PS: thanks for pointing about the duplicate case. I forgot about that – Edmondo 12/11, 2013 at 19:52

You can avoid double pointer by using 2 pointers as you originally did. – Thereunder 12/11, 2013 at 19:55

Use hard pointers

Node **ptr = &root; //points to the current Node
Node **ptr_parent; //points to the parent Node

When you are trying to do this

ptr = newNode; //insert the newNode at the spot

it doesn't do anyithing because you need to modify the pointer which points to the left or the right subnode

something like this:

template<typename T>
bool BST<T>::Insert(const T value)
{
    Node *newNode = new Node;

    newNode -> data = value;
    newNode -> left = NULL; 
    newNode -> right = NULL;

    if(root == NULL) {root = newNode;} //If the BST is empty
    else 
    {//The BST is not empty 
        Node **ptr = &root; //points to the current Node
        Node **ptr_parent; //points to the parent Node

        while((*ptr) != NULL)
        {
            if(((*ptr) -> data) > value)
            {   
                ptr_parent = ptr;    
                    ptr = &ptr -> left;
            }   

            if(((*ptr) -> data) < value)
            {
                    ptr_parent = ptr;
                    ptr = &ptr -> right;
            }
            }
        }

    (*ptr) = newNode; //insert the newNode at the spot
    if(((*ptr_parent) -> data) < value)
        (*ptr_parent) -> right = newNode;
        else
                (*ptr_parent) -> left = newNode; 

    return true;
}

Woad answered 12/11, 2013 at 19:28 Comment(2)

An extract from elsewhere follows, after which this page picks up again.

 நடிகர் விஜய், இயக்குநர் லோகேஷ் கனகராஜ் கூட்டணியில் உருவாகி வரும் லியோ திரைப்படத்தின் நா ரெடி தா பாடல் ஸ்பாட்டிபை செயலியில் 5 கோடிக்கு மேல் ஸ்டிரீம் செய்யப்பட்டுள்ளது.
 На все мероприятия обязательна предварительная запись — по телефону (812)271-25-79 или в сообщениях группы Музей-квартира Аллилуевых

I was trying to figure out how the implementation would work with double pointers. But just by copy/pasting this implementation I get a few compilation errors I need to debug. I'll get back to you once I figure out what changes are needed. – Edmondo 12/11, 2013 at 19:40

bst.h:103:21: error: request for member ‘left’ in ‘* ptr’, which is of non-class type ‘BST<int>::Node*’ bst.h:109:21: error: request for member ‘right’ in ‘* ptr’, which is of non-class type ‘BST<int>::Node*’ – Edmondo 12/11, 2013 at 19:41

As I understand, it is failing because of following line:

ptr = newNode; //insert the newNode at the spot

after the while loop your ptr is NULL otherwise you can not exit from the while loop. You are assigning a struct to NULL, which is not right.

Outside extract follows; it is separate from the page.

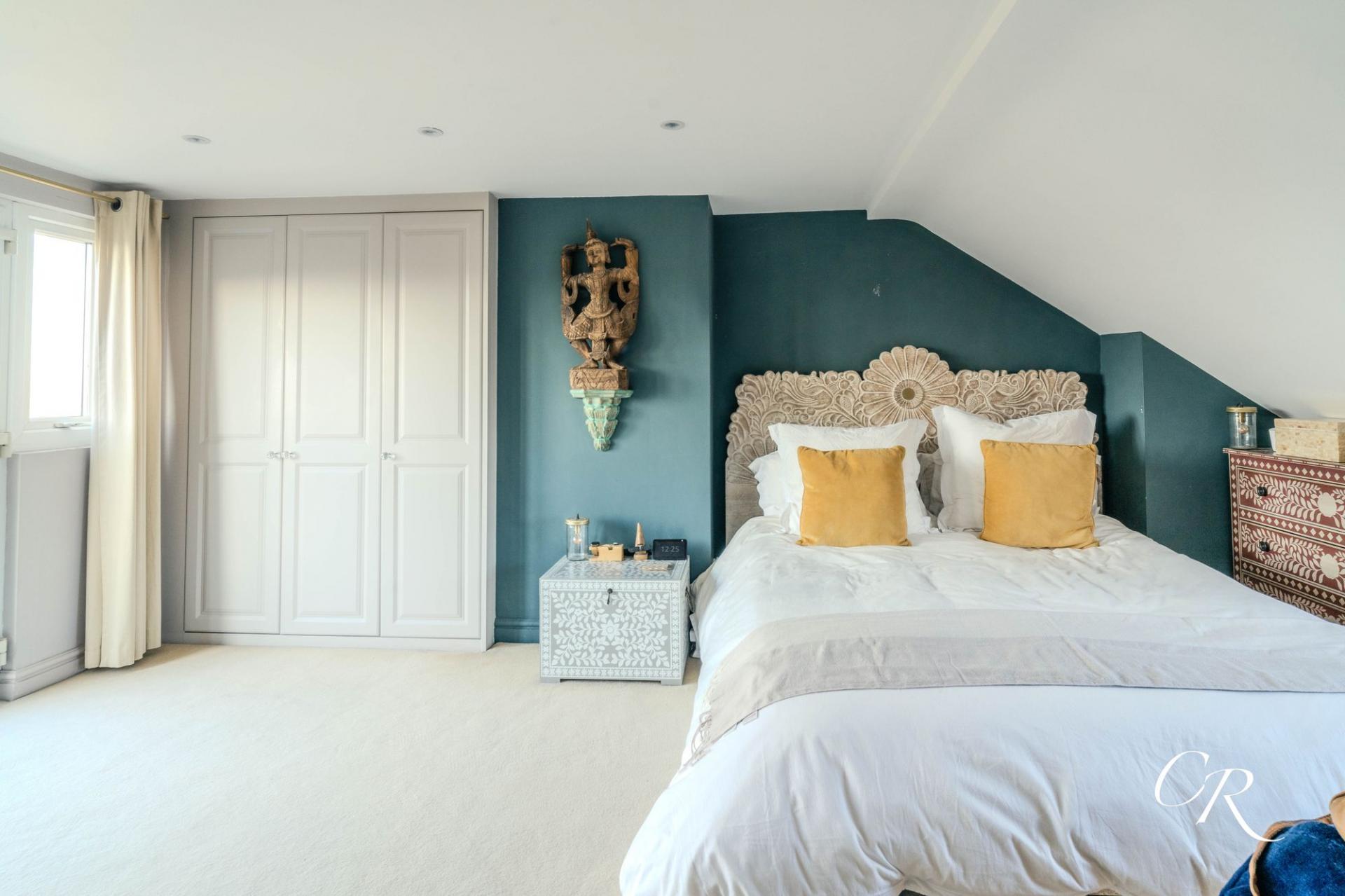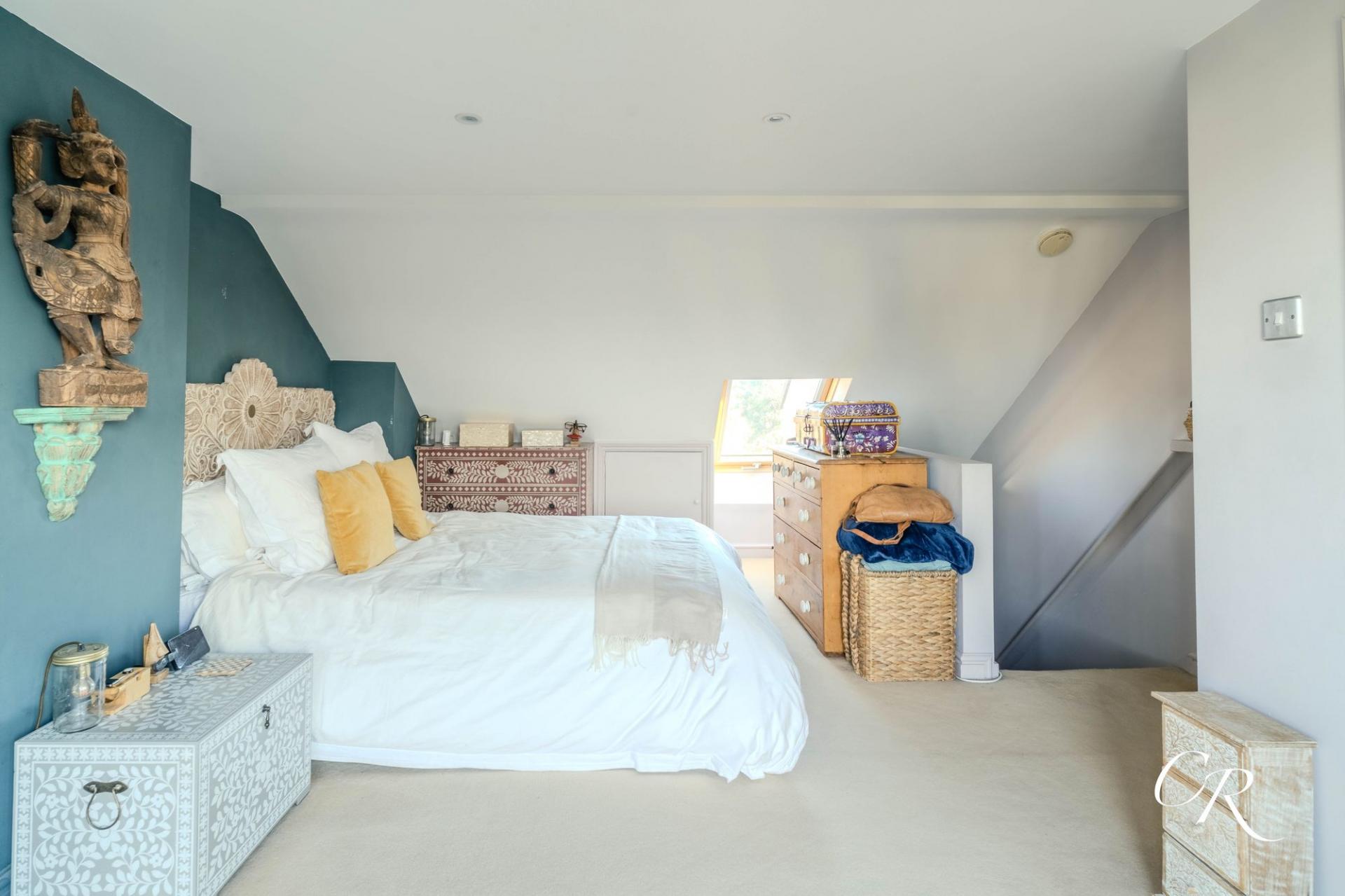 Bedroom One: An impressive principal bedroom spanning the top floor, with a Juliet balcony offering views across neighbouring rooftops and toward the hills beyond. Includes fitted wardrobes and a Velux window for additional light. Characterful sloping ceilings add charm, with some areas of limited head height.

Hopefully this helps. Everything else looks normal.

Paluas answered 12/11, 2013 at 19:37 Comment(2)

That makes sense. I guess I was thinking about this too much as a "linked list" rather than its own ADT... – Edmondo 12/11, 2013 at 19:49

Won't it just make ptr to point to newNode? How is it the error? – Thereunder 12/11, 2013 at 19:59

void insert(node* root, int value)
{
    if (root == NULL)
    {
        root = new node;
        root->data = value;
        return;
    }
    while(!((root->data < value && root->right == NULL) || (root->data >= value && root->left == NULL)))
    {
        if (root->data < value)
            root = root->right;
        else
            root = root->left;
    }
    if (root->data < value)
    {
        root->right = new node;
        root->right->data = value;
    } else 
    {
        root->left = new node;
        root->left->data = value;
    }
}

Stodder answered 17/6, 2016 at 6:59 Comment(0)

template <class T>
class TreeNode{
private:
    T data;
    TreeNode<T>* right,*left;
public:
void setData(T d){
    this->data =d;
}
T getData(){
    return this->data;
}
void setRight(TreeNode<T>* r){
    this->right =r;
}
TreeNode<T>* getRight(){
    return this->right;
}
void setLeft(TreeNode<T>* r){
    this->left =r;
}
TreeNode<T>* getLeft(){
    return this->left;
}
static TreeNode<T>* newNode(T data){
    TreeNode<T>* n = new TreeNode<T>();
    n->setData(data);
    n->setRight(NULL);
    n->setLeft(NULL);
    return n;
}
};



template <class T>
class BinaryTree{
private:
        TreeNode<T>* root;
public:
    void insert(T data){
        TreeNode<T>* n = TreeNode<T>::newNode(data);

        if(root==NULL)
            root = n;
        else{
        TreeNode<T>* t = root;
        while(t!=NULL){

            if(n->getData() >= t->getData()){
                if(t->getRight()==NULL){
                    t->setRight(n); //newnode attached as right child in tree
                    t = NULL;
                }
                else
                    t = t->getRight();
            }
            else{
                if(t->getLeft()==NULL){
                    t->setLeft(n); //newnode attached as left child in tree
                    t=NULL;
                }
                else
                    t = t->getLeft();
            }
        }

        }

    }

    void preorder(){
        TreeNode<T>* t = root;
        preorderUtil(t);
    }

    void preorderUtil(TreeNode<T>* node){
        if(node==NULL)
            return;
        preorderUtil(node->getLeft());
        cout<<node->getData()<<" ";
        preorderUtil(node->getRight());
    }
};

I answered a case here Binary Search Tree insertion doesn't work see if it helps

Dixon answered 17/12, 2016 at 8:39 Comment(0)

void insert(int val)
    {
        Node *newNode;
        newNode=new Node;
        newNode->data=val;
        Node *currentNode=root;
        Node *parentNode;
        
        if(root==NULL)
        {
            newNode->left=NULL;
            newNode->right=NULL;
        }
        
            
        else
        {
            
            
            while(currentNode!=NULL)
            {
                if((currentNode->data)>val)
                {
                    parentNode=currentNode;
                    currentNode=currentNode->left;
                }
                
                if((currentNode->data)<val)
                {
                    parentNode=currentNode;
                    currentNode=currentNode->right;
                }
            }
        
        }
        currentNode=newNode;
        if((parentNode->data)<val)
        {
            parentNode->right=newNode;
        }
        else
        {
        parentNode->right=newNode;
        }
        
    }

Emrick answered 20/7, 2020 at 11:54 Comment(1)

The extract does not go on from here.